Experiment: High Accuracy Training

Utilizing Kohya_ss GUI I’m experimenting with various settings sourced from different tutorials in the hopes of gathering a basic configuration that can generate accurate renders while using as little time and VRAM as possible during training.

Methodology:

1.) To quickly iterate through configurations I’m using a small dataset of 5 images, all with captions, to ensure model training happens in approximately and hour or less.
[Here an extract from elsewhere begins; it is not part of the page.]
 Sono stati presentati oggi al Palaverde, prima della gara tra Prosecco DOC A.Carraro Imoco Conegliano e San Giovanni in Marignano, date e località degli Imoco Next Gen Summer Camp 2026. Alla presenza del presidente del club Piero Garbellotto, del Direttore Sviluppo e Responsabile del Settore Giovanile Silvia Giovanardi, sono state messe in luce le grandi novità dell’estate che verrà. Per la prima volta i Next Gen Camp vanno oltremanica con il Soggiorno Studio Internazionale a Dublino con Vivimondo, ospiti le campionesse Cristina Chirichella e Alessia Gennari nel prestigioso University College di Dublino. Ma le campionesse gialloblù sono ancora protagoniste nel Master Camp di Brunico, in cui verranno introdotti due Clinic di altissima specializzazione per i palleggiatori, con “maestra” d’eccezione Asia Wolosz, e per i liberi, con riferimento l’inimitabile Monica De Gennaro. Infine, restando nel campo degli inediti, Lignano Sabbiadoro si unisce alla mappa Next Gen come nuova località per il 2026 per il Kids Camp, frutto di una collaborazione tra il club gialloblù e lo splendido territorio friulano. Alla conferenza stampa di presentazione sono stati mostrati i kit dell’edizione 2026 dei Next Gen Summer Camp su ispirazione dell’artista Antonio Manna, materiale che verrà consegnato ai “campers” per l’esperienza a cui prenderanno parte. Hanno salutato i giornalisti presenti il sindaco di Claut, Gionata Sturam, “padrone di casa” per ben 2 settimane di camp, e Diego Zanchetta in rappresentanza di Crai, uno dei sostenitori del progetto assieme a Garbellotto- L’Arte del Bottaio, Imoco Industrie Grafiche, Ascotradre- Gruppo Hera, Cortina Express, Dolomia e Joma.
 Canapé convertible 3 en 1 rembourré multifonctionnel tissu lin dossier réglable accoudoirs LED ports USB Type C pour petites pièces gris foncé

2.) To control the experiment I’ll be adjusting several training settings:

Number of Repeats
Batch Size
LR Scheduler
Max Resolution
Max Token Length
Regularization Images ( from model vs from dataset )
Learning Rate
Offset Noise
Prior Loss Weight
Memory Efficient Attention

3.) Other settings will remain constant through the experiment, these settings include LR Scheduler set to cosine with repeats, optimizer set to Lion, CLIP skip set to 2, and optimization settings such as Gradient Checkpointing and Shuffle Tags enabled. These settings have been set because thus far they’re the most efficient settings for low VRAM training.
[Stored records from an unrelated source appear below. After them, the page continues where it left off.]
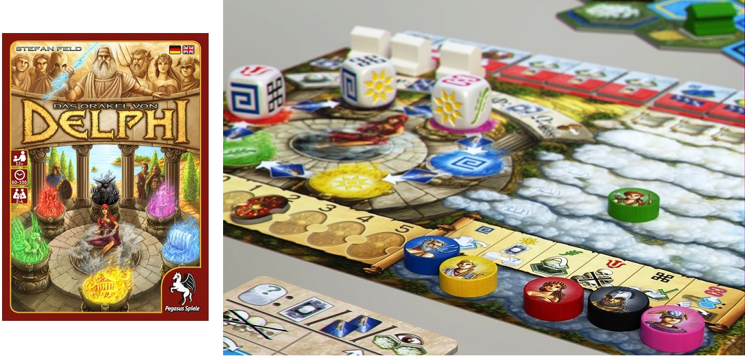The Oracle of Delphi. Третья игра тоже от плодовитого мастера, но уже от Штефан Фельда. Плаваем по морям с целью выполнить 12 заданий Зевса: собрать подношения и доставить их в определённые храмы или убить конкретных монстров, затаившихся на островах. Как всегда, действия выполняются через оригинальную систему манипуляций с цветными кубикам. Звучит интересно, но не так хардкорно, как A Feast for Odin.
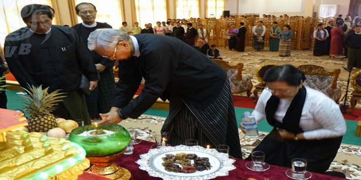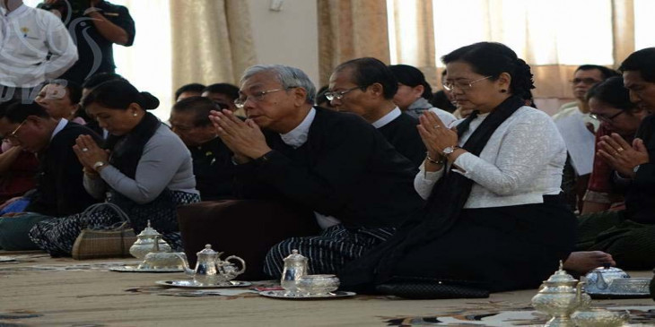 သမၼတဦးထင္ေက်ာ္ႏွင့္ ဇနီး အာဇာနည္ေန႔ဆြမ္းကပ္လွဴဒါန္း
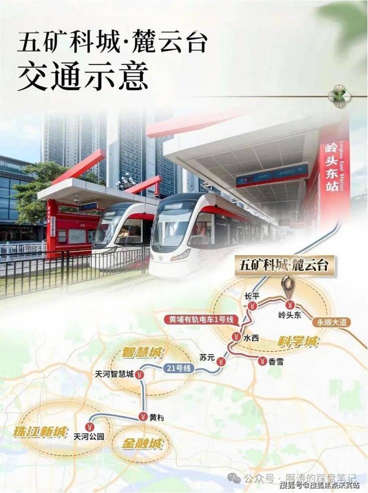 麓云台就在黄埔有轨电车1号线岭头东站旁边,距广州地铁21号线长平站约3.3公里,可以直达黄埔区府板块,或者5站长平换乘21号线去往天河也足够便利。如果自驾的话,永顺大道可以直达黄埔科学城,经过广汕路也能直达天河智慧城。
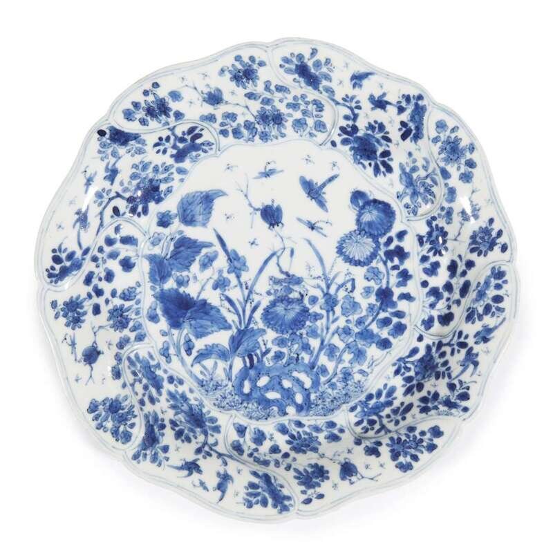A Chinese blue and white porcelain petal-lobed dish Kangxi period
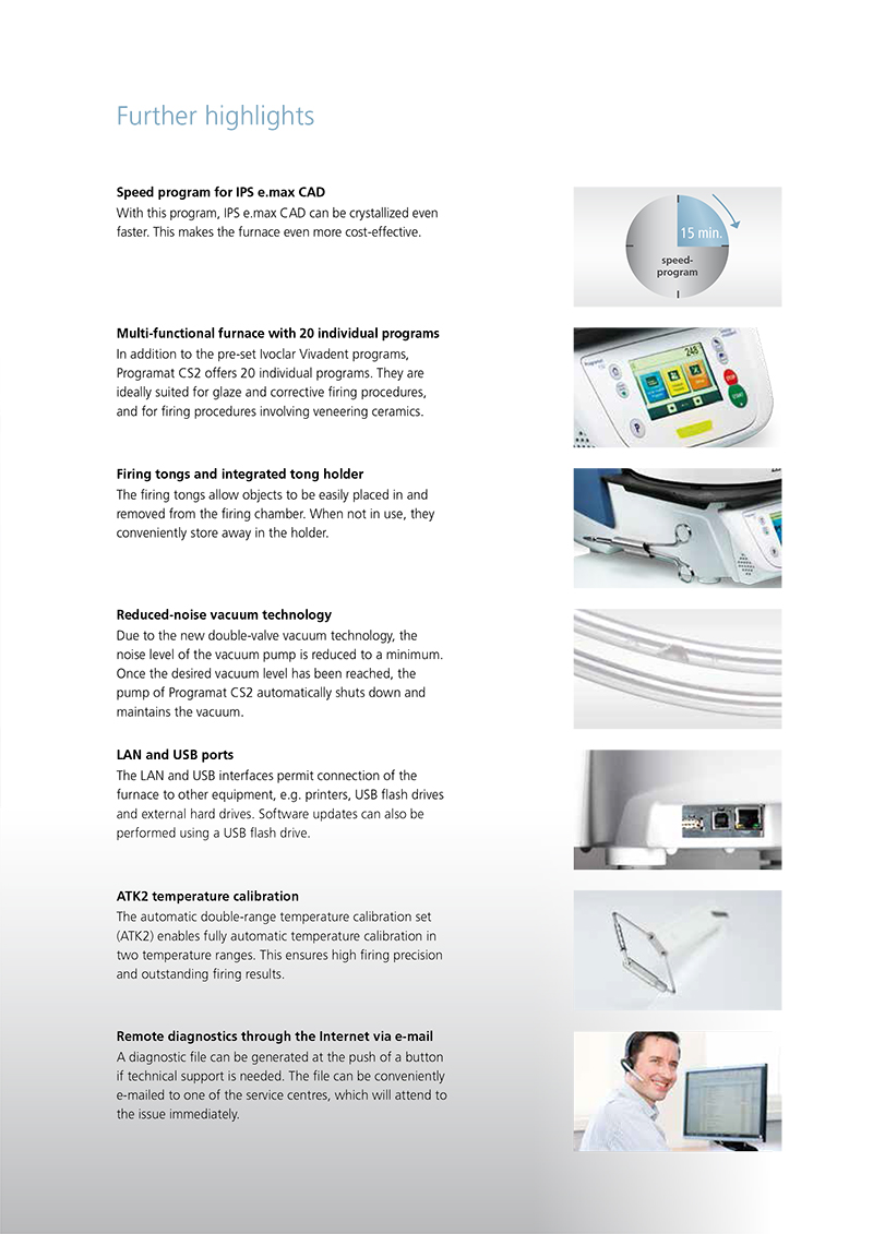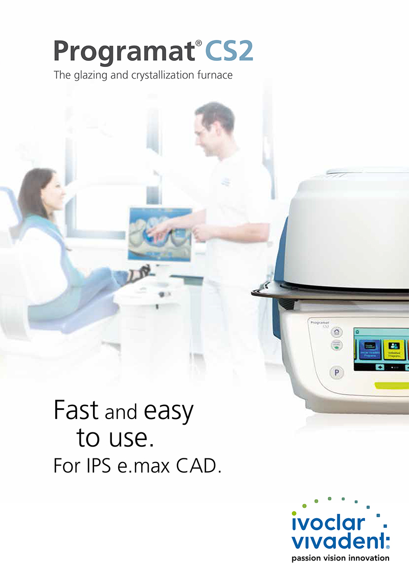 The device has been specially developed for the crystallization of IPS e.max CAD restorations. The Programat CS2 is easily operated by means of the new colour touch screen and the proven membrane-sealed keypad. It is furthermore equipped with 20 individual programs as well as predefined Ivoclar Vivadent programs, such as the Speed program, which crystallizes IPS e.max CAD restorations in less than 15 minutes.

Note: Xformers has been disabled based on the fact they make the model non-deterministic and would thus reduce accuracy of images rendered.

4.) In order to gauge success the trainer will generate 10 sample renders using a prompt specific to the dataset. Also at each render interval the training speed ( it/s ), time lapsed, and loss rate will be recorded for each experiment. These measurements will elucidate the impacts of the various control settings on training.

Initial Settings:

The following will be the base settings assumed to be good based on current research:

Repeats: 10
Batch Size: 1
Epochs: 1
Resolution: 512, 512
Token Length: 75
Regularization: 0
LR: 1e-5
Offset Noise: 0
Prior Loss Weight: 1.0
Memory Efficient Attention: Off
LR Scheduler: Constant

Equipment:

These experiments are being done on my local machine using an RTX 4090 and Ryzen 5900X with 32Gb of DDR4 RAM.

Each experiment will be a separate post on this blog complete with data and observations. The conclusion will also be here with the optimal training settings discovered.